EXERCISE
From the line containing "When the tooth" to the last line of the listing, transcribe exactly and add nothing else; keep both ends and omit pictures.

INFORMATION SHOWN

◆ ◆ ◆ ◆

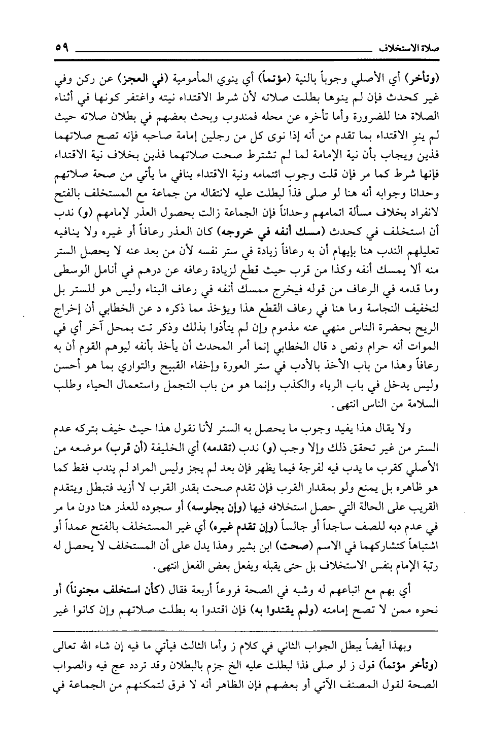(وتأخر) أي الأصلي وجوبًا بالنية (مؤتما) أي ينوي المأمومية (في العجز) عن ركن وفي غير كحدث فإن لم ينوها بطلت صلاته لأن شرط الاقتداء نيته واغتفر كونها في أثناء الصلاة هنا للضرورة وأما تأخره عن محله فمندوب وبحث بعضهم في بطلان صلاته حيث لم ينوِ الاقتداء بما تقدم من أنه إذا نوى كل من رجلين إمامة صاحبه فإنه تصح صلاتهما فذين ويجاب بأن نية الإمامة لما لم تشترط صحت صلاتهما فذين بخلاف نية الاقتداء فإنها شرط كما مر فإن قلت وجوب ائتمامه ونية الاقتداء ينافي ما يأتي من صحة صلاتهم وحدانا وجوابه أنه هنا لو صلى فذًّا لبطلت عليه لانتقاله من جماعة مع المستخلف بالفتح لانفراد بخلاف مسألة إتمامهم وحدانًا فإن الجماعة زالت بحصول العذر لإمامهم (و) ندب أن استخلف في كحدث (مسك أنفه في خروجه) كان العذر رعافًا أو غيره ولا ينافيه تعليلهم الندب هنا بإيهام أن به رعافًا زيادة في ستر نفسه لأن من بعد عنه لا يحصل الستر منه ألا يمسك أنفه وكذا من قرب حيث قطع لزيادة رعافه عن درهم في أنامل الوسطى وما قدمه في الرعاف من قوله فيخرج ممسك أنفه في رعاف البناء وليس هو للستر بل لتخفيف النجاسة وما هنا في رعاف القطع هذا ويؤخذ مما ذكره د عن الخطابي أن إخراج الريح بحضرة الناس منهي عنه مذموم وإن لم يتأذوا بذلك وذكر تت بمحل آخر أي في الموات أنه حرام ونص د قال الخطابي إنما أمر المحدث أن يأخذ بأنفه ليوهم القوم أن به رعافًا وهذا من باب الأخذ بالأدب في ستر العورة وإخفاء القبيح والتواري بما هو أحسن وليس يدخل في باب الرياء والكذب وإنما هو من باب التجمل واستعمال الحياء وطلب السلامة من الناس انتهى.
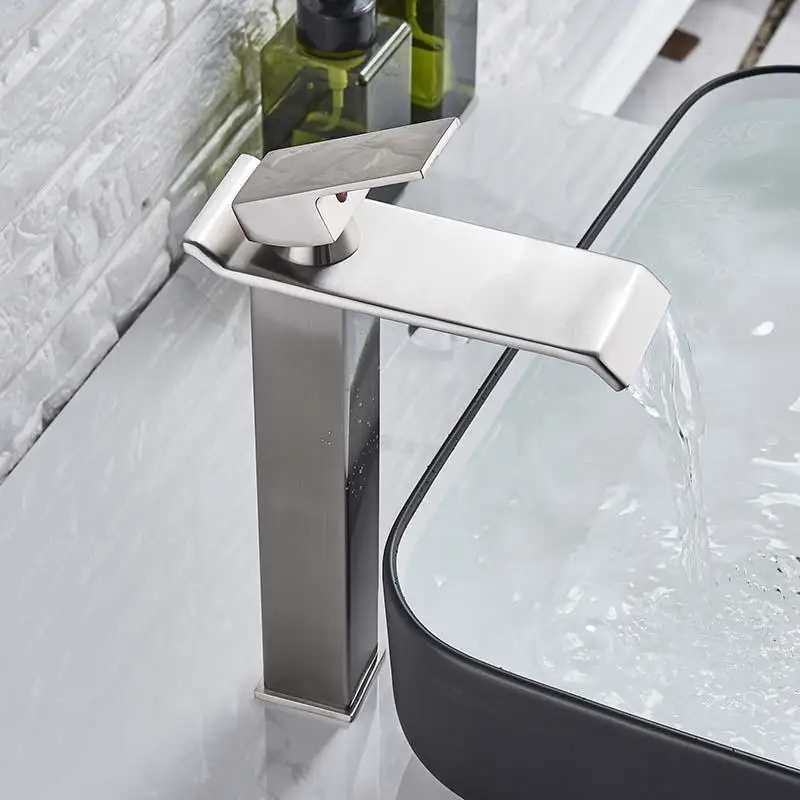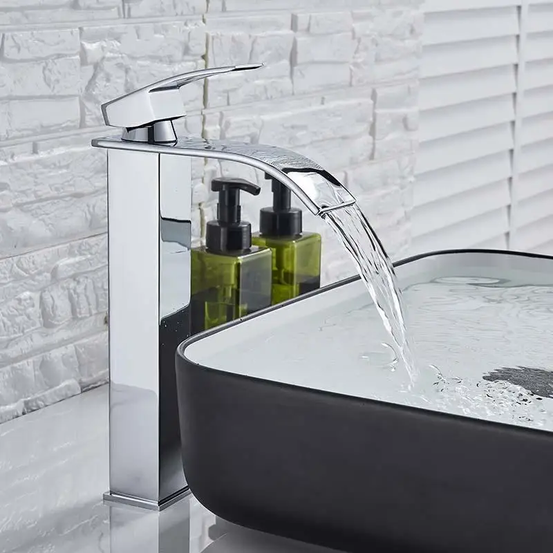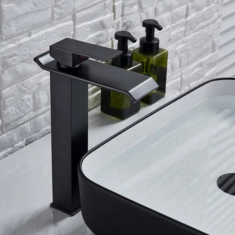 Квадратный хромированный и черный смеситель водопад для раковины Смеситель для ванной кран с широким носиком Смеситель для раковины кран для горячей и холодной воды
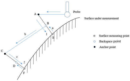 When the tooth surface is probed, the probe moves closer and then retreats along the normal vector of the measuring point. This process includes changes in probing speed, retreat speed, and movement speed. The movement path of the probe from the front measuring point to the lower measuring point is shown in Figure 6. As can be seen from the two-point detection path in Figure 4, the probe movement mainly consists of three parts, which are segment a, segment b, and segment c. It is further extended to other measuring points, where the distance between the measuring points in section a and section c is constant and only section b is different. The total operating distance of the probe is:
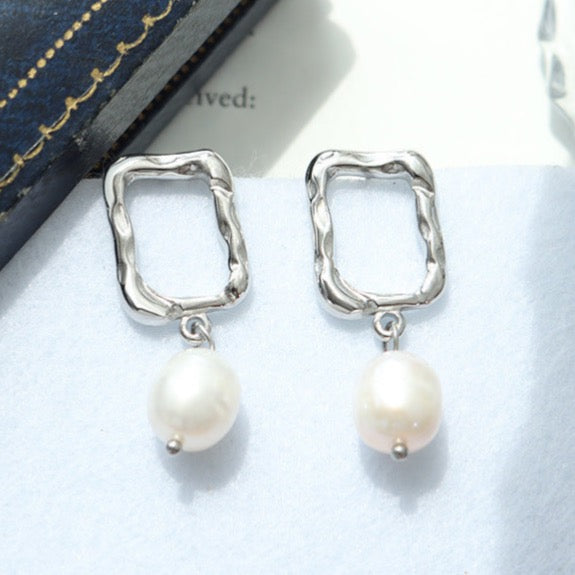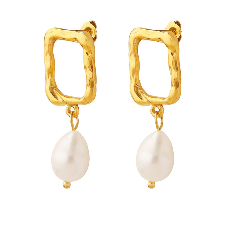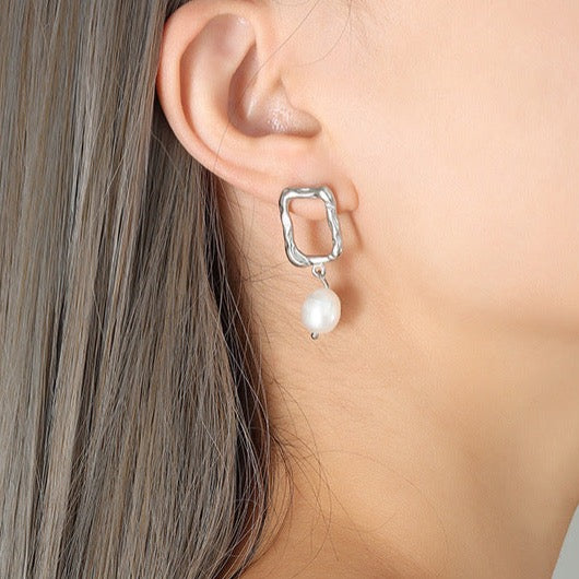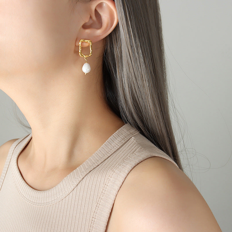 Genuine Freshwater Pearl Titanium Steel Holy Gate Earrings

◆ ◆ ◆ ◆

RESULT BELOW
 When the tooth surface is probed, the probe moves closer and then retreats along the normal vector of the measuring point. This process includes changes in probing speed, retreat speed, and movement speed. The movement path of the probe from the front measuring point to the lower measuring point is shown in Figure 6. As can be seen from the two-point detection path in Figure 4, the probe movement mainly consists of three parts, which are segment a, segment b, and segment c. It is further extended to other measuring points, where the distance between the measuring points in section a and section c is constant and only section b is different. The total operating distance of the probe is:
 Genuine Freshwater Pearl Titanium Steel Holy Gate Earrings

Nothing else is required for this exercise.